In the copy, include exactly the lines from the one with "Weeds images and" through the end of the data and no others, both ends kept, with every picture left out.

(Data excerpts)
* * * * * * *

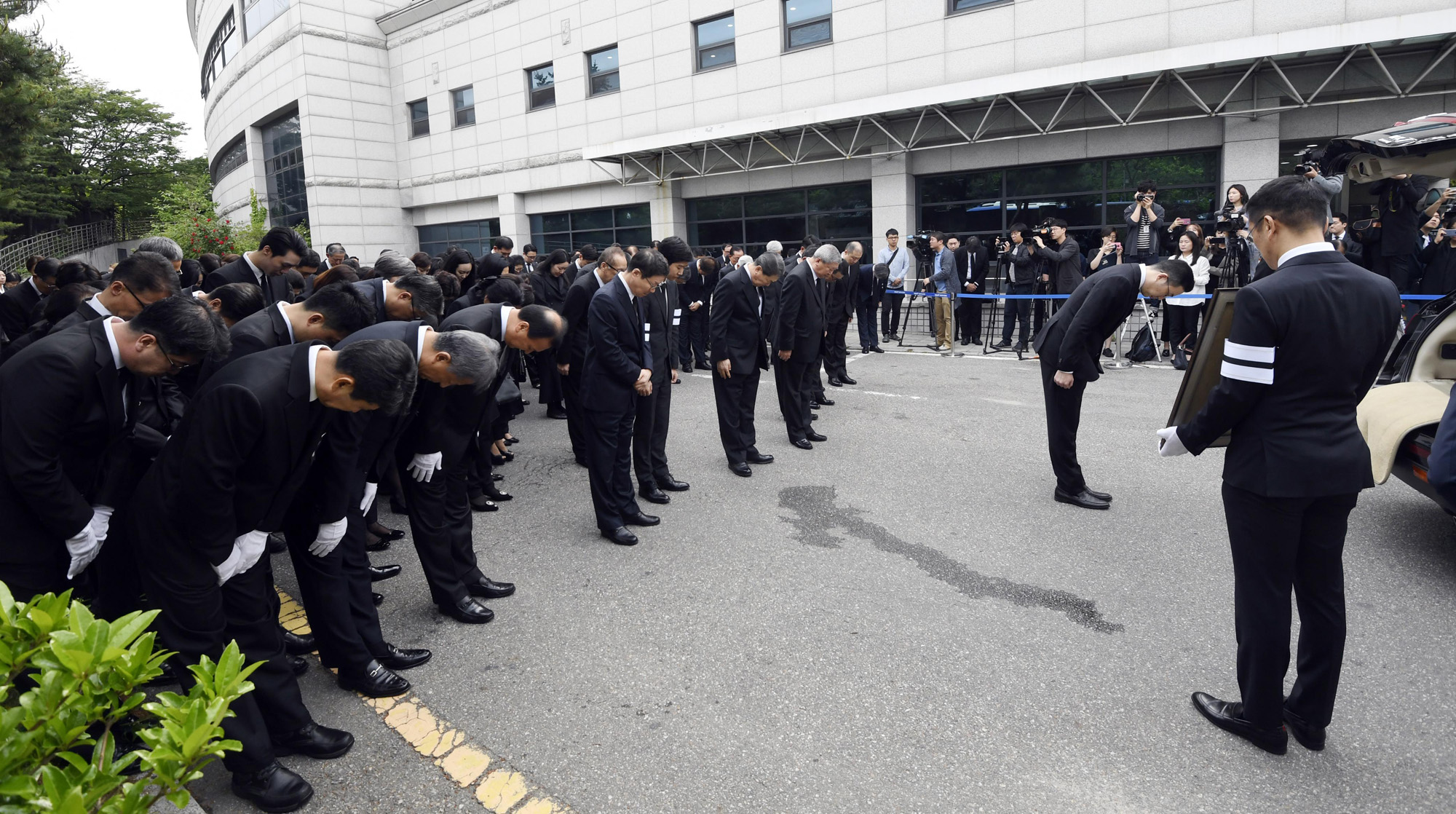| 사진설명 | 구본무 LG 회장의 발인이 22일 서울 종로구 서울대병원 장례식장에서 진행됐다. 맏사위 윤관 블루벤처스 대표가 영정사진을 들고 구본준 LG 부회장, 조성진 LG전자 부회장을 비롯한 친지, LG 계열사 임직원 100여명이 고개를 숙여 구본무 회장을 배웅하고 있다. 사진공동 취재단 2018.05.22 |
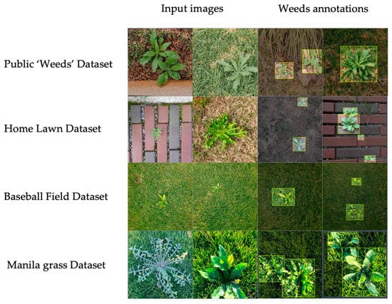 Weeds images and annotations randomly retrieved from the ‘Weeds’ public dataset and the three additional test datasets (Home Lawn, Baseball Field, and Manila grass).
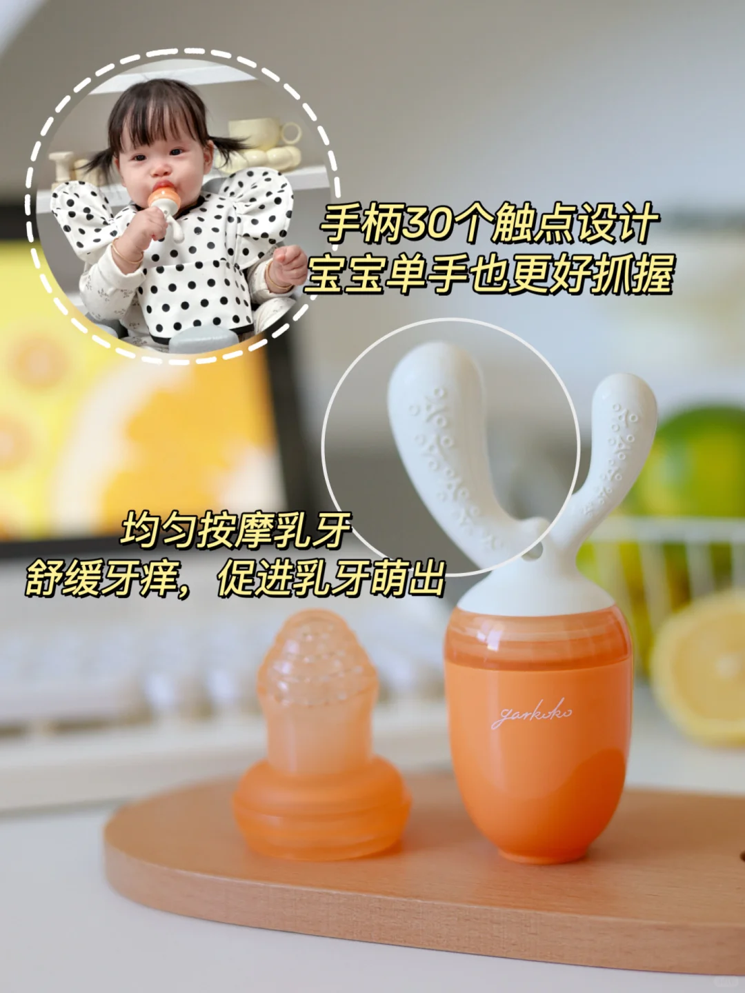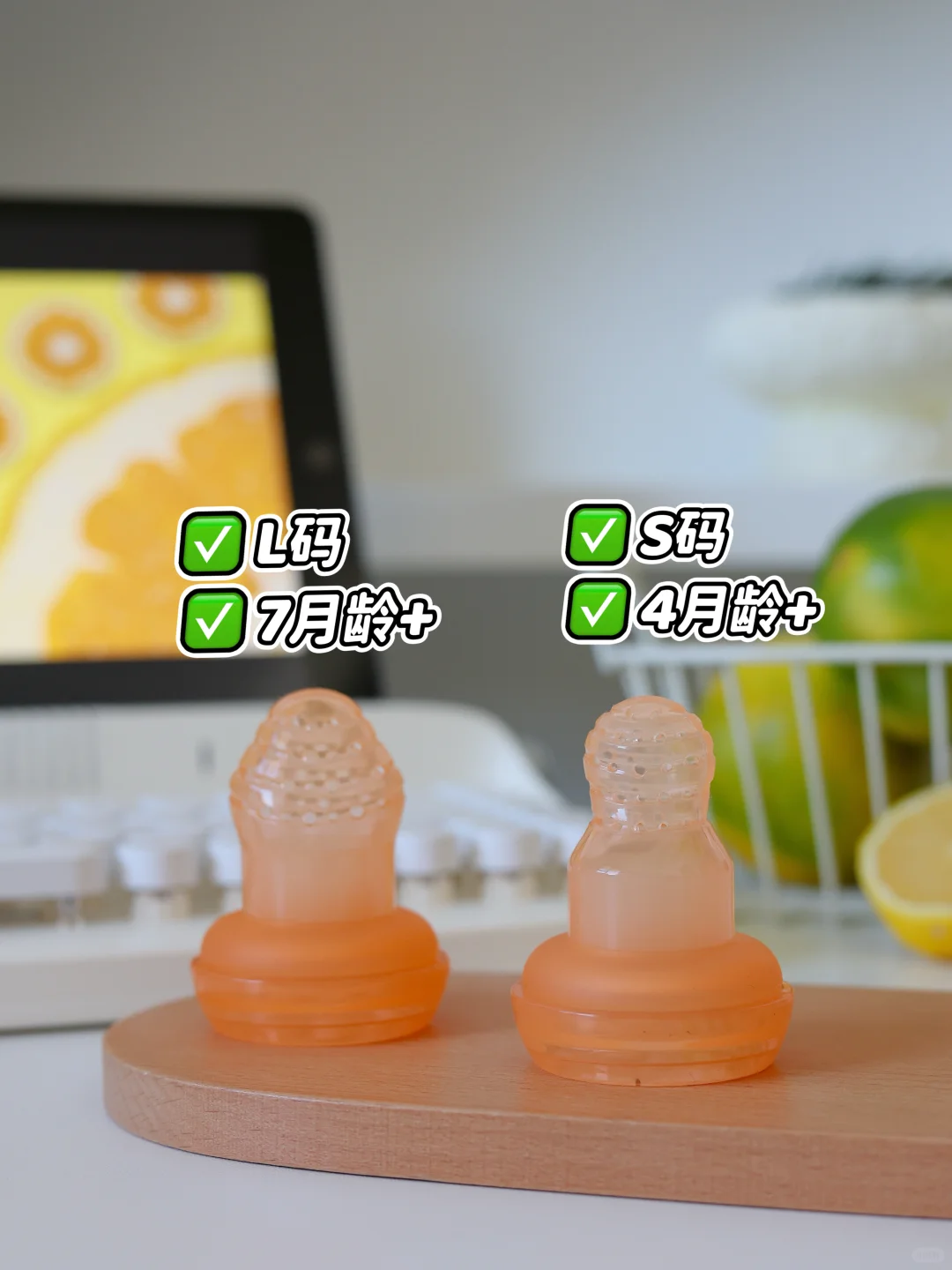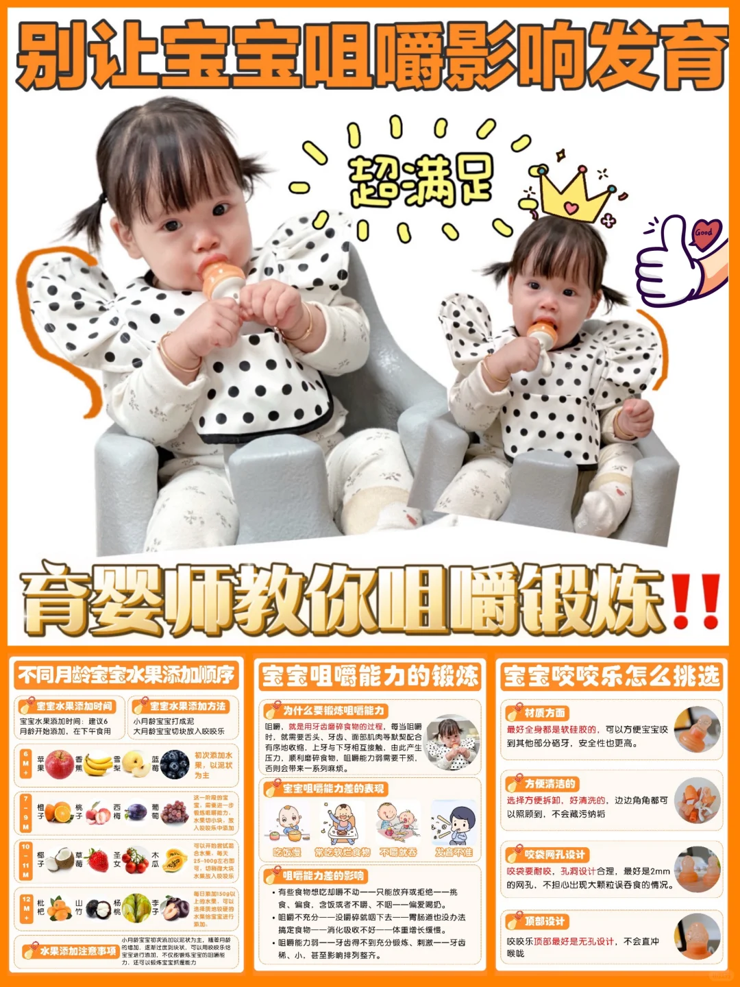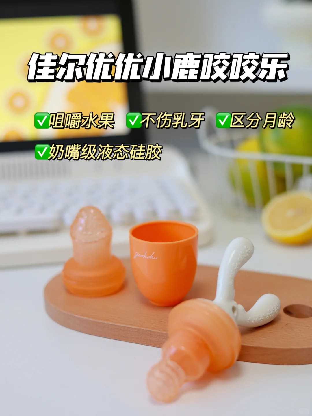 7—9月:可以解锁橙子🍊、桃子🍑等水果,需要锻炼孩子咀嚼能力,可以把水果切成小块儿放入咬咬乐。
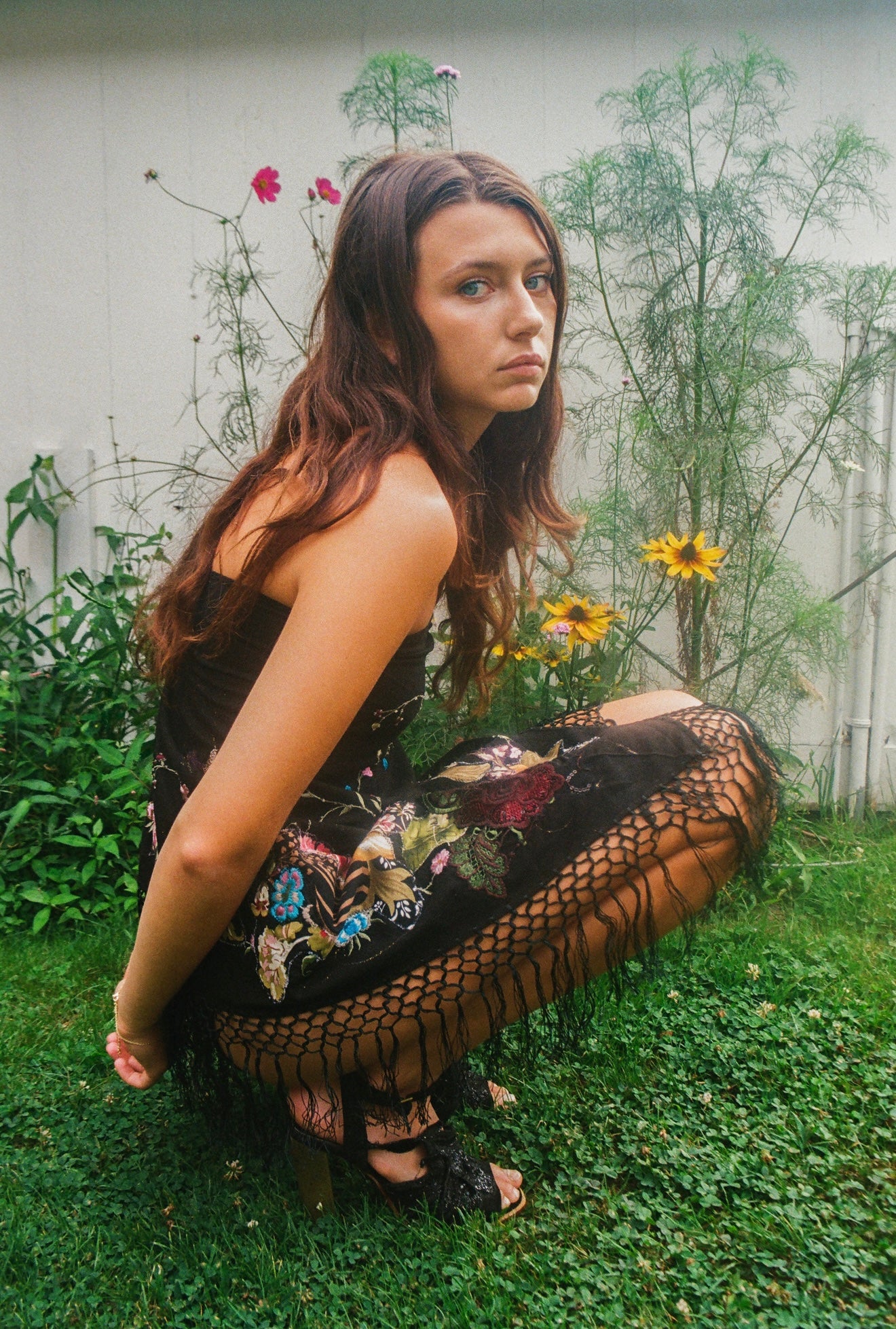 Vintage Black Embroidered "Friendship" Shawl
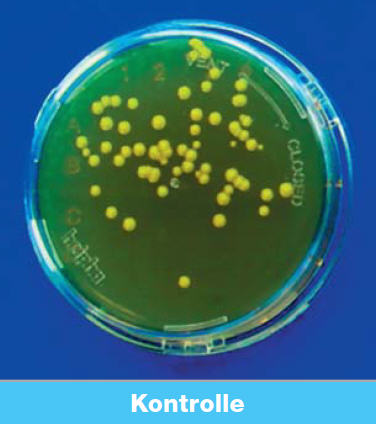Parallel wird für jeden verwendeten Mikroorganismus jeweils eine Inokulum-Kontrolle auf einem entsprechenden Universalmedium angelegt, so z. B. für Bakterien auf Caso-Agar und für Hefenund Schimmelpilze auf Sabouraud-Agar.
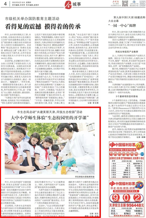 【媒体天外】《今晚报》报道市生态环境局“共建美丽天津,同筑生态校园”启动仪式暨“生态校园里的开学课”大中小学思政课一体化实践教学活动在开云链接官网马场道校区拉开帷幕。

* * * * * * *

> REPLY:
 Weeds images and annotations randomly retrieved from the ‘Weeds’ public dataset and the three additional test datasets (Home Lawn, Baseball Field, and Manila grass).
 7—9月:可以解锁橙子🍊、桃子🍑等水果,需要锻炼孩子咀嚼能力,可以把水果切成小块儿放入咬咬乐。
 Vintage Black Embroidered "Friendship" Shawl
Parallel wird für jeden verwendeten Mikroorganismus jeweils eine Inokulum-Kontrolle auf einem entsprechenden Universalmedium angelegt, so z. B. für Bakterien auf Caso-Agar und für Hefenund Schimmelpilze auf Sabouraud-Agar.
 【媒体天外】《今晚报》报道市生态环境局“共建美丽天津,同筑生态校园”启动仪式暨“生态校园里的开学课”大中小学思政课一体化实践教学活动在开云链接官网马场道校区拉开帷幕。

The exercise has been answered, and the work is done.